In the instant case neither party has filed any motion or demurrer and there is no agreed statement of facts or evidence, therefore the cause will be disposed of as if there had been filed a motion for judgment on the pleadings.
The sole question presented is whether the respondent has the authority to hear and determine the charges filed against the relator.
Counsel for relator vehemently assert that respondent is without authority in law to hear and determine the charges. On the other hand counsel for respondent assert with equal vigor that the city charter and administrative code grant respondent full and complete authority to hear and determine such charges.
The answer to the question presented must come from a consideration and construction of certain provisions of the Constitution, General Code, city charter and administrative code adopted in pursuance of the charter.
Before proceeding to the controlling question it should be noted that Section 2, Article XVIII of the Constitution, provides "* * * and additional laws may also be passed for the government of municipalities adopting the same; * * *." The General Assembly, by authority of that section, passed laws providing *Page 578 three plans of municipal government known as the "commission plan" (Sections 3515-11 to 3515-18, both inclusive, General Code), the "city manager plan" (Sections 3515-19 to 3515-28, both inclusive, General Code), and the "federal plan" (Sections 3515-29 to 3515-44, both inclusive, General Code).
The city of Cincinnati did not organize under or adopt any of the statutory plans but adopted its charter under the general grant of power contained in Section 7, Article XVIII of the Constitution, which reads as follows:
"Any municipality may frame and adopt or amend a charter for its government and may, subject to the provisions of Section 3 of this Article, exercise thereunder all powers of local self-government."
Section 3, Article XVIII, provides:
"Municipalities shall have authority to exercise all powers of local self-government and to adopt and enforce within their limits such local police, sanitary and other similar regulations, as are not in conflict with general laws."
These two provisions of the Constitution were adopted at the same time, are in pari materia and must be construed together.
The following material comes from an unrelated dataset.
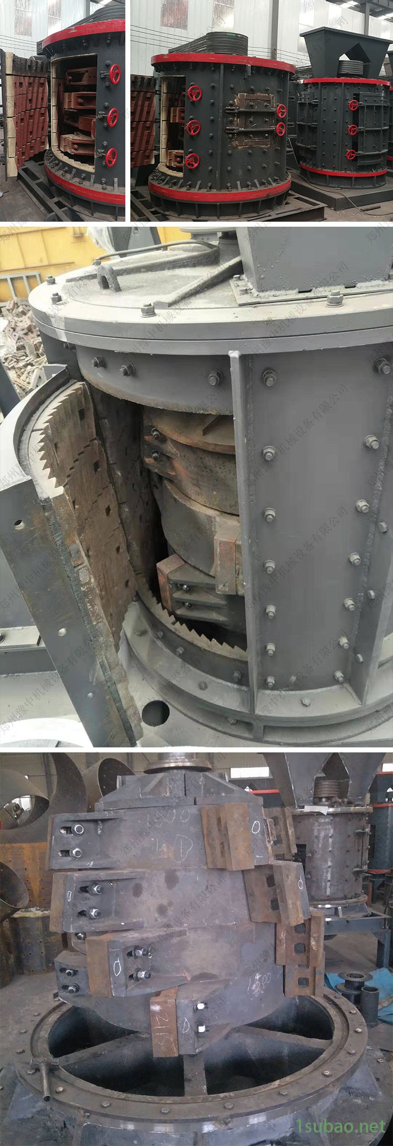 本设备磨损件材料采用复合抗磨材料,经过处理,针对目前市场上坚硬物料,尤其硬度达到68以上的如铁矿石,金矿石,钼矿,镍矿废钢渣,河卵石,花岗岩,玄武岩,金刚砂等硬物质达到中碎、细碎可调而设计。
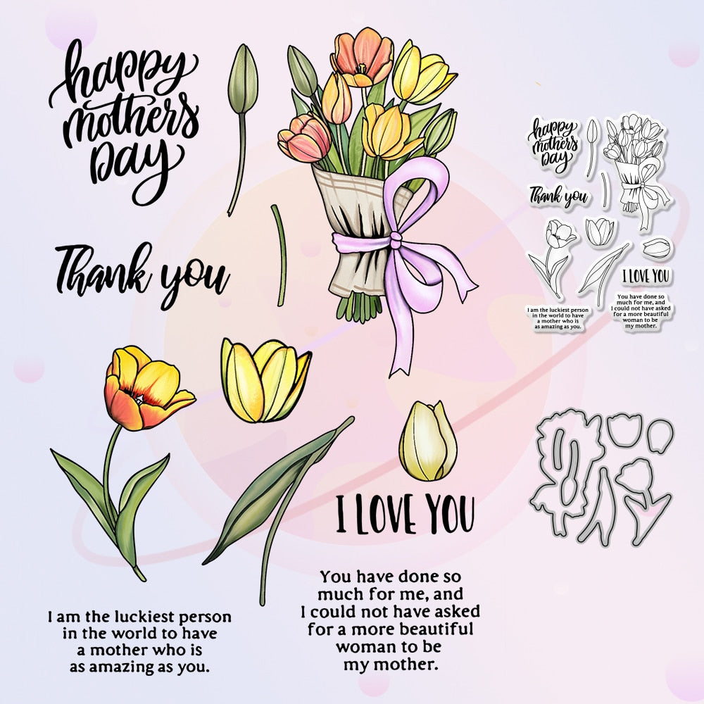 Flowers Tulip Cutting Dies Clear Stamp Mother's Day Gifts DIY Scrapbooking Cut Dies Stamps For Paper Cards Making Stecil Decor

See Fitzgerald et al., Bd. of Supervisors, v. City ofCleveland, 88 Ohio St. 338, 103 N.E. 512, Ann. Cas. 1915B, 106.
Section 3, Article XVIII, grants to all municipalities authority to exercise all powers of local self-government, subject to the limitation that police, sanitary and other similar regulations adopted by a municipality shall notconflict with general laws. The word local as used in that provision of the Constitution has a definite meaning. The phrase "all powers of local self-government" as used therein, means the power of self-government in all matters of a purely local nature.
It seems evident that the framers of that provision bad in mind that police, sanitary and other similar *Page 579 regulations were not purely local matters and therefore should continue to be controlled by general law. Hence the limitation upon the power.
The debates in the Constitutional Convention of 1912 upon the subject of the home-rule amendment (now Article XVIII of the Constitution) were both lengthy and heated. Sections 3 and 7 of that amendment proposed for adoption by the convention caused debate which at times became bitter and personal. (Vol. 2, Proceedings and Debates of the Constitutional Convention of Ohio of 1912, 1439 et seq.)
On the one side were those who desired to grant to municipalities unlimited power of self-government and on the other were those who favored only limited power. A comparison of the language of Sections 3 and 7 as originally proposed for adoption (by the convention) with the language of those sections as adopted (by the convention) furnishes conclusive evidence that the Constitutional Convention did not intend to adopt and recommend for passage constitutional provisions granting unlimited power of self-government.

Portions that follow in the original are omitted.